The task:
Please reproduce the records below exactly, omitting any pictures they contain.

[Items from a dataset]

• • • •

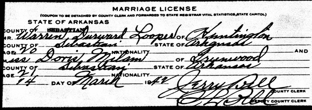 married Doris Milam of Greenwood. Warren resided in Huntington, Sebastian Co., Ar.
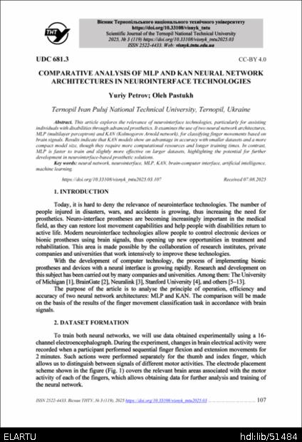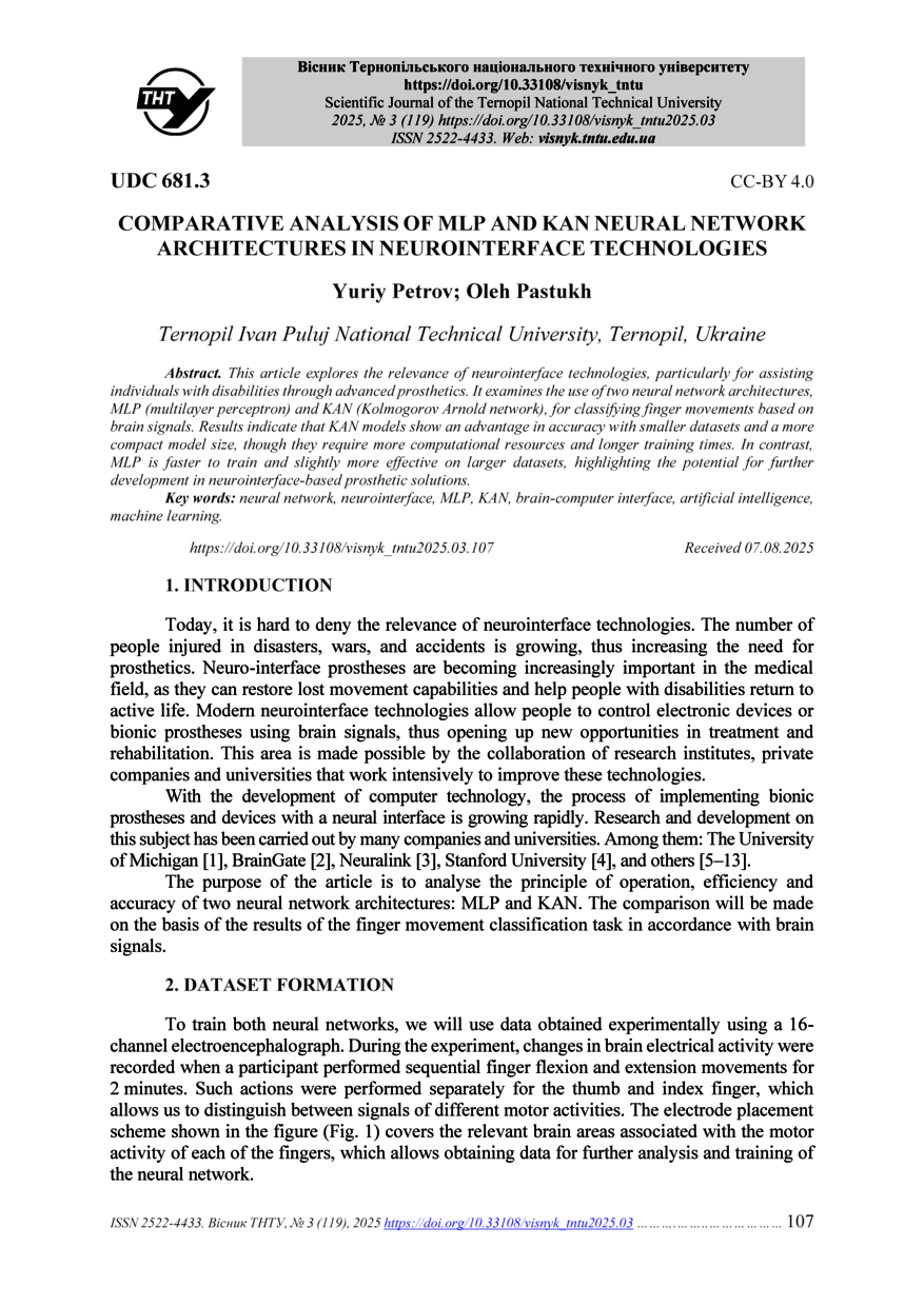 | Bibliographic citation (APA): | Petrov, Y., & Pastukh, O. (2025). Comparative analysis of MLP AND KAN neural network architectures in neurointerface technologies. Scientific Journal of the Ternopil National Technical University, 119(3), 107-114. TNTU.. |
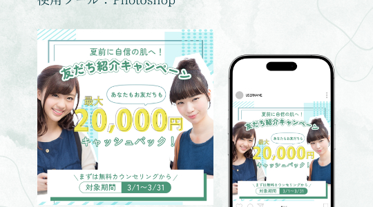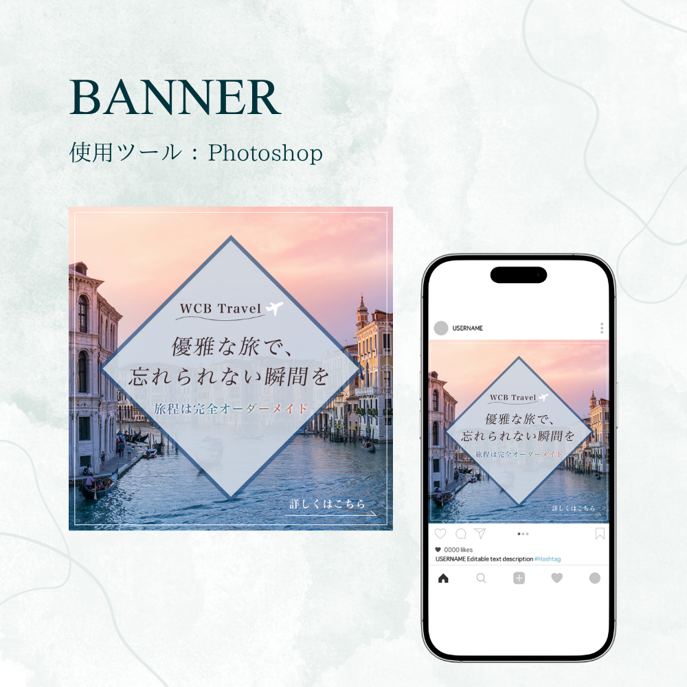 ・写真をしっかりと見せつつ文字の配置もするというところから、文字の後ろの四角は透過して背景の写真も見えるようにしました。
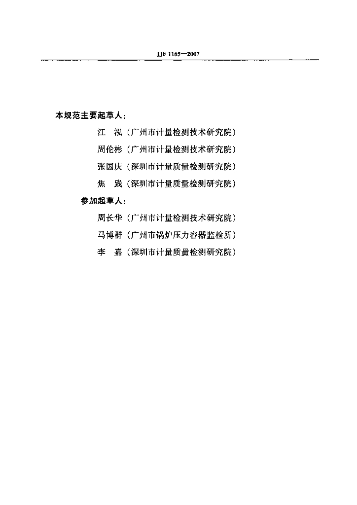 江泓(广州市计量检测技术研究院)、周伦彬(广州市计量检测技术研究院)、张国庆(深圳市计量质量检测研究院)、焦践(深圳市计量质量检测研究院)、周长华(广州市计量检测技术研究院)、马博群(广州市锅炉压力容器监检所)、李嘉(深圳市计量质量检测研究院)
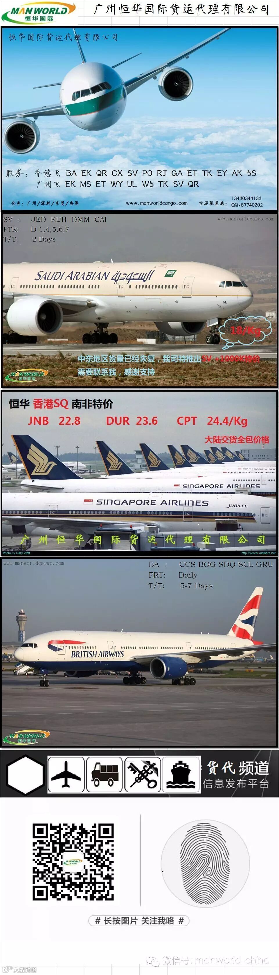 恒华O2O平台,主营 广州/香港/澳门 空运:W5,EK,QR,EY,ET,TK,UC,GF,BA,CX,AF,UL.SV...
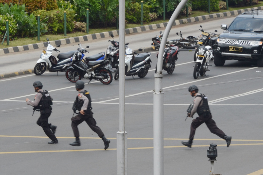 1月14日,在印度尼西亚首都雅加达,警察赶到爆炸现场。 新华社/法新

• • • •

Answer to this exercise:
 married Doris Milam of Greenwood. Warren resided in Huntington, Sebastian Co., Ar.
 | Bibliographic citation (APA): | Petrov, Y., & Pastukh, O. (2025). Comparative analysis of MLP AND KAN neural network architectures in neurointerface technologies. Scientific Journal of the Ternopil National Technical University, 119(3), 107-114. TNTU.. |
 ・写真をしっかりと見せつつ文字の配置もするというところから、文字の後ろの四角は透過して背景の写真も見えるようにしました。
 江泓(广州市计量检测技术研究院)、周伦彬(广州市计量检测技术研究院)、张国庆(深圳市计量质量检测研究院)、焦践(深圳市计量质量检测研究院)、周长华(广州市计量检测技术研究院)、马博群(广州市锅炉压力容器监检所)、李嘉(深圳市计量质量检测研究院)
 恒华O2O平台,主营 广州/香港/澳门 空运:W5,EK,QR,EY,ET,TK,UC,GF,BA,CX,AF,UL.SV...
 1月14日,在印度尼西亚首都雅加达,警察赶到爆炸现场。 新华社/法新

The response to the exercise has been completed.